Conversely, underripe plums, while firmer and less prone to bruising, can be more difficult to separate from the pit. The pit tends to cling more tightly to the flesh in less ripe plums, requiring more force and potentially resulting in uneven cuts or damaged fruit. Therefore, plums that are ripe but still slightly firm are generally ideal for stoning, striking a balance between ease of removal and maintaining fruit integrity.
FAQ 5: Can I use frozen plums for cooking, and do I need to stone them before freezing?
Yes, you can definitely use frozen plums for cooking. Freezing is a great way to preserve plums at their peak ripeness for later use. It’s generally recommended to stone plums before freezing them for several reasons. Frozen plums are more difficult to pit, and pitting them frozen can be quite messy and inefficient. Stoning beforehand saves time and effort when you’re ready to cook with them.
Furthermore, pre-stoning allows you to portion the plums for specific recipes before freezing. This makes it easier to thaw only the amount you need, reducing waste and streamlining your cooking process. Simply halve or quarter the plums, remove the pits, and then spread them in a single layer on a baking sheet before freezing. Once frozen solid, transfer them to a freezer bag or container for longer-term storage.
FAQ 6: What are some creative ways to use the plum pits after removing them?

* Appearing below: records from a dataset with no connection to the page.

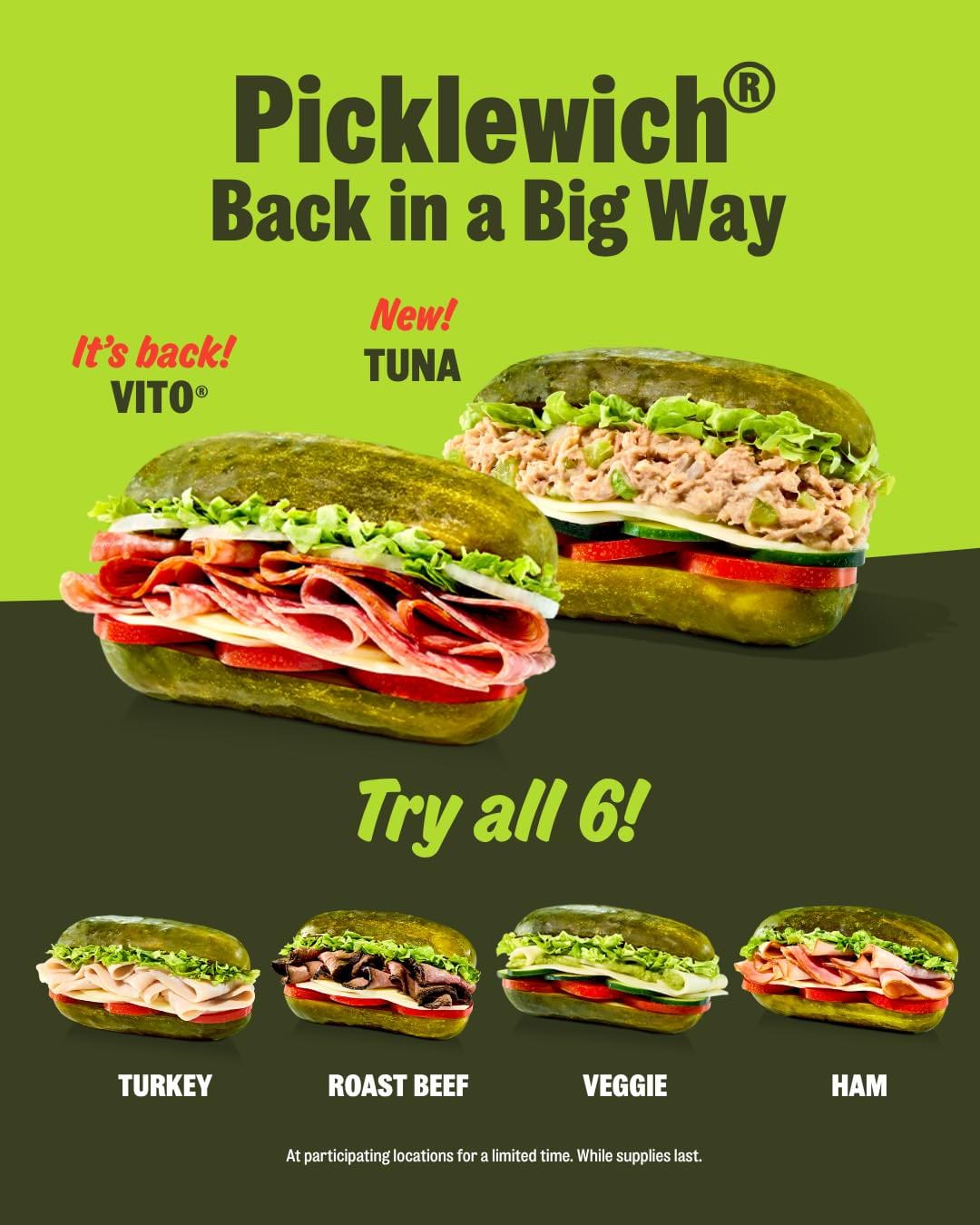 Jimmy John’s is bringing back its “picklewich” menu on Oct. 27 including two new additions: The Vito, which is an Italian sandwich with hand-sliced salami, capocollo, and provolone cheese, and a tuna.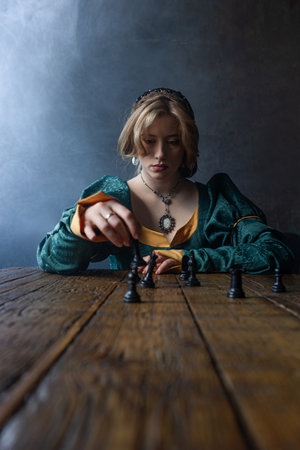 A beautiful young woman in a medieval-style green dress puts chess pieces on the table, the concept of palace intrigues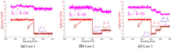 In this set of cases, the simulated data contains 118 voltage measurements with 700 sampling points, respectively. The size of the moving split-window is set as , i.e., . Then, Equation (4) is used in each split-window to estimate the parameters p and b as and : the for the number of the constituent components in a multiple event, and the for the autocorrelation structure of the residuals. The idea behind this is as follows. First, raw voltage magnitude data in each split-window is normalized using Equation (2). Then, we keep subtracting different numbers of factors from the normalized voltage magnitude data using Equation (5) until the residuals become close to the autoregressive model with autoregressive rate b as we calculate in Equation (8). The Jensen-Shannon divergence in Equation (11) is utilized to measure how “close” the two residual spectral distributions are close to each other. The optimal parameter set is finally obtained once the Jensen-Shannon divergence is minimized. Three cases are designed in this part to validate the proposed approach. In Section 4.1.1, Section 4.1.2 and Section 4.1.3, we set different numbers of constituent components in a multiple event, and the corresponding results are shown in Figure 2a–c. The experiments are repeated for 20 times and the results are averaged. We need to point out that the estimation of p and b begins at = 250 due to the length of the split-window. We amplify the value of for thirty times to make it obvious in Figure 2, i.e., .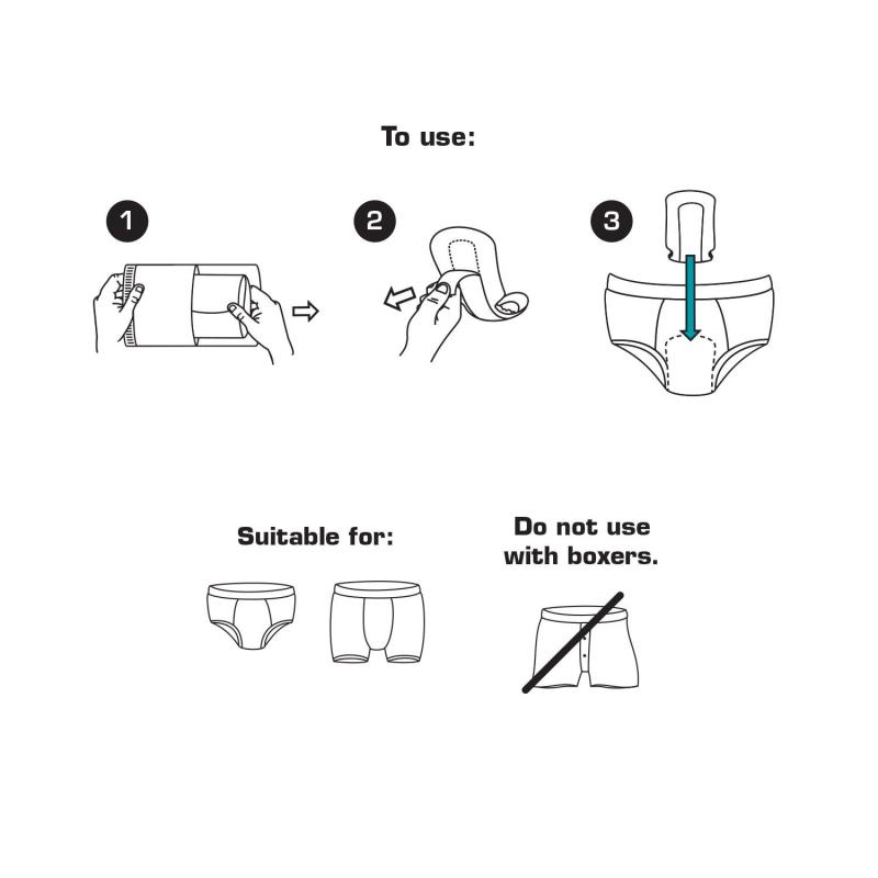 Simply attach the adhesive strip to the inside of your briefs for all day coverage.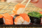 Zdjęcie "łosoś, krewetki, seawe ed sushi w zasobniku" może być wykorzystywane do celów osobistych i komercyjnych zgodnie z warunkami zakupionej licencji Royalty-free. Obraz jest dostępny do pobrania w jakości wysokiej rozdzielczości do 5760x3840.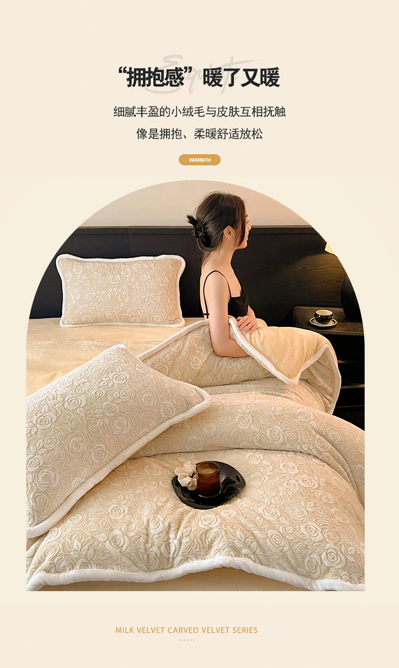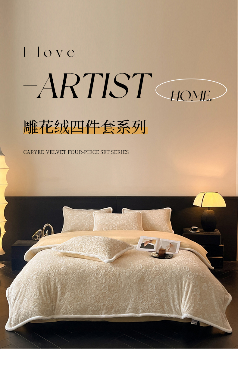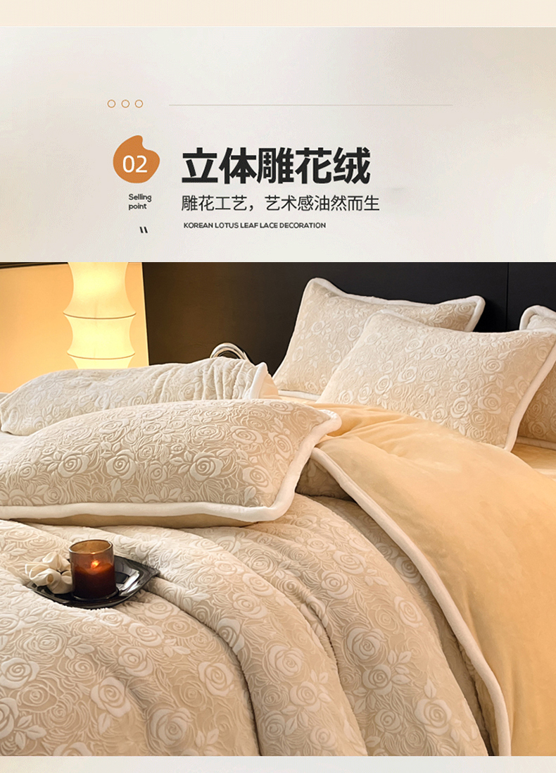 诺梵 2025新款立体雕花牛奶绒四件套_控价标准高于149,加大高于159 玫瑰之约-黄

While plum pits are inedible in their raw state, they can be repurposed in some creative ways. As previously mentioned, they can be used to infuse alcohol with a subtle almond-like flavor. However, this should be done with caution and knowledge of safe practices, as plum pits contain amygdalin, which can convert to cyanide in the body. Proper processing and small quantities are key to safe usage. Always research thoroughly before attempting this.
Beyond flavoring, plum pits can be used as natural fire starters. When completely dried, they ignite easily and burn for a decent amount of time, making them a useful addition to your camping gear or fireplace supplies. They can also be added to compost piles in small amounts, although they decompose slowly. Ultimately, if you are uncomfortable using them, they can be disposed of responsibly in your regular trash or compost.
FAQ 7: How do I store plums after stoning them before cooking?
Proper storage of stoned plums is crucial to maintain their freshness and prevent spoilage. If you plan to cook them within a day or two, store them in an airtight container in the refrigerator. This will slow down oxidation and prevent them from drying out. Consider adding a squeeze of lemon juice to the plums, as the citric acid helps to prevent browning by inhibiting enzymatic reactions.
For longer storage, freezing is the best option. As previously noted, spread the stoned plums in a single layer on a baking sheet until frozen solid, then transfer them to a freezer-safe bag or container. This method prevents the plums from clumping together, making it easier to use only the desired amount later. Properly stored frozen plums can last for several months without significant loss of flavor or texture.